§ **Assignment**:
Set down each line of the material that follows, exactly, with no pictures.

§ **Supplied data**:
____________
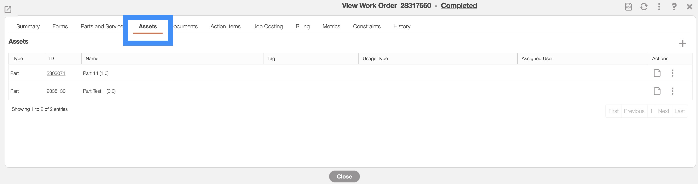 You will be able to locate the assigned parts turned assets in the "Assets" tab of the work order:
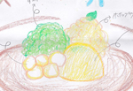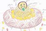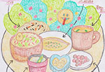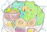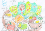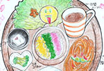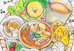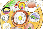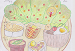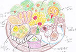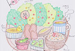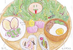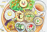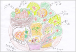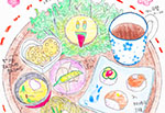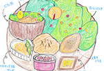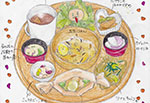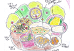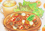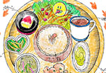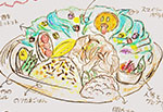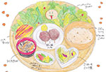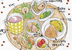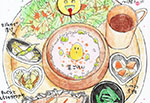A 畑の見えるランチ、B 菜の花と鶏そぼろのパスタ、C オムライス
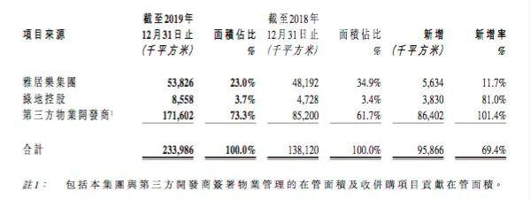 【业务关系】2019年,雅生活服务2.34亿平方米的在管面积中,来自关联方的仅占26.7%。
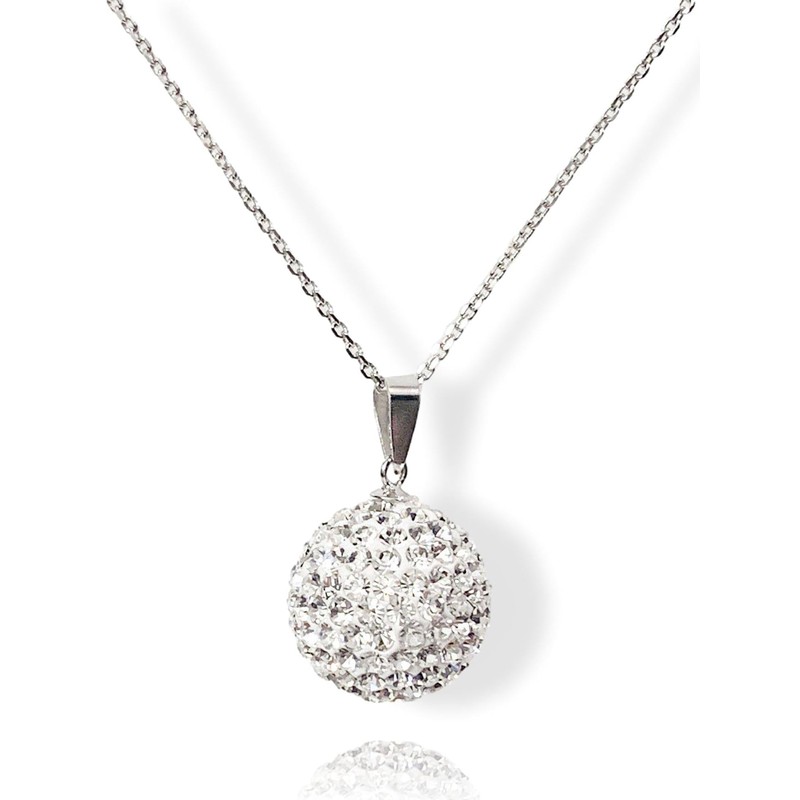 12MM Sparkly White/Clear Austrian Crystal Pave Round Disco Glitter Ball Sterling Silver Pendant Necklace On 16" Inch Curb Chain for Women/Ladies/Girls - 12mm W X 20mm H - Sparkling Shamballa Style
____________
§ **Finished exercise**:
 You will be able to locate the assigned parts turned assets in the "Assets" tab of the work order:
A 畑の見えるランチ、B 菜の花と鶏そぼろのパスタ、C オムライス
 【业务关系】2019年,雅生活服务2.34亿平方米的在管面积中,来自关联方的仅占26.7%。
 12MM Sparkly White/Clear Austrian Crystal Pave Round Disco Glitter Ball Sterling Silver Pendant Necklace On 16" Inch Curb Chain for Women/Ladies/Girls - 12mm W X 20mm H - Sparkling Shamballa Style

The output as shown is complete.